Frequently Asked Questions

A security vulnerability is a weakness in software, hardware, or configuration that can be exploited to compromise confidentiality, integrity, or availability. Many vulnerabilities are tracked as CVEs (Common Vulnerabilities and Exposures), which provide a standardized identifier so teams can coordinate patching, mitigation, and risk assessment across tools and vendors.

CVSS (Common Vulnerability Scoring System) estimates technical severity, but it doesn't automatically equal business risk. Prioritize using context like internet exposure, affected asset criticality, known exploitation (proof-of-concept or in-the-wild), and whether compensating controls exist. A "Medium" CVSS on an exposed, production system can be more urgent than a "Critical" on an isolated, non-production host.

A vulnerability is the underlying weakness. An exploit is the method or code used to take advantage of it. A zero-day is a vulnerability that is unknown to the vendor or has no publicly available fix when attackers begin using it. In practice, risk increases sharply when exploitation becomes reliable or widespread.

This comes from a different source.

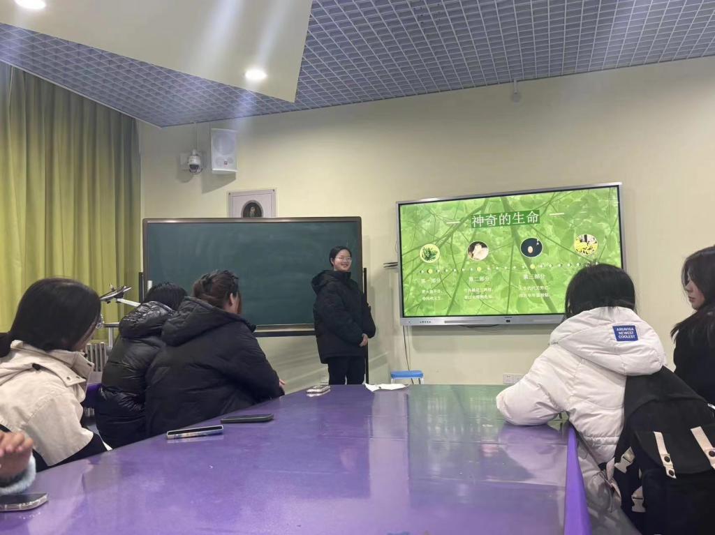 本次活动由社团成员王佳音主持。活动开始时,由王佳音同学对本次讲座的主要内容进行介绍,使同学们对这次的讲座内容有一个充分的认知。她从神奇的植物,神奇的动物,对生命的思考,和谐共生这四个部分展开分享。首先王同学给大家分享了一段四季更迭的视频,并讲解了一首关于植物的诗歌,使大家对植物有了更深的理解。对于神奇的动物,王同学从动物独特的组织结构和动物也能预报天气这两个特别方面展开阐述,使大家看到了动物温情与智慧。之后王同学对于生命的思考和和谐共生的话题,分享了国家帮助候鸟北飞的视频,并说了自己的看法和理解,帮助同学们感受人与自然和谐共生的理念。最后,王佳音同学对此次的讲座做了总结。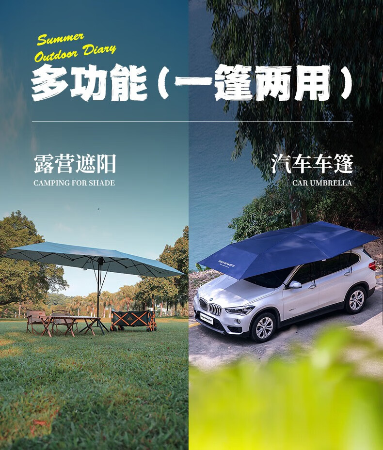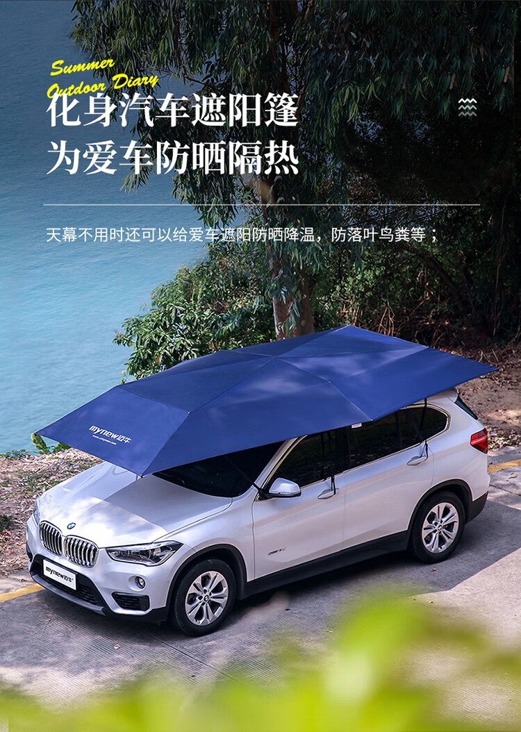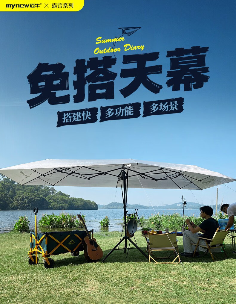 迈牛(MYNEW)天幕折叠多功能免搭户外帐篷露营便携涂银汽车车篷户外遮阳伞两用 5.2米两用天幕-银色

Recurring findings usually come from incomplete Asset Discovery, inconsistent patch management, inherited images, and configuration drift. In modern environments, you also need to watch the software supply chain: dependencies, containers, build pipelines, and third-party services can reintroduce the same weakness even after you patch a single host. Unknown or unmanaged assets (often called Shadow IT) are a common reason the same issues resurface.

Use a simple, repeatable triage model: focus first on externally exposed assets, high-value systems (identity, VPN, email, production), vulnerabilities with known exploits, and issues that enable remote code execution or privilege escalation. Then enforce patch SLAs and track progress using consistent metrics so remediation is steady, not reactive.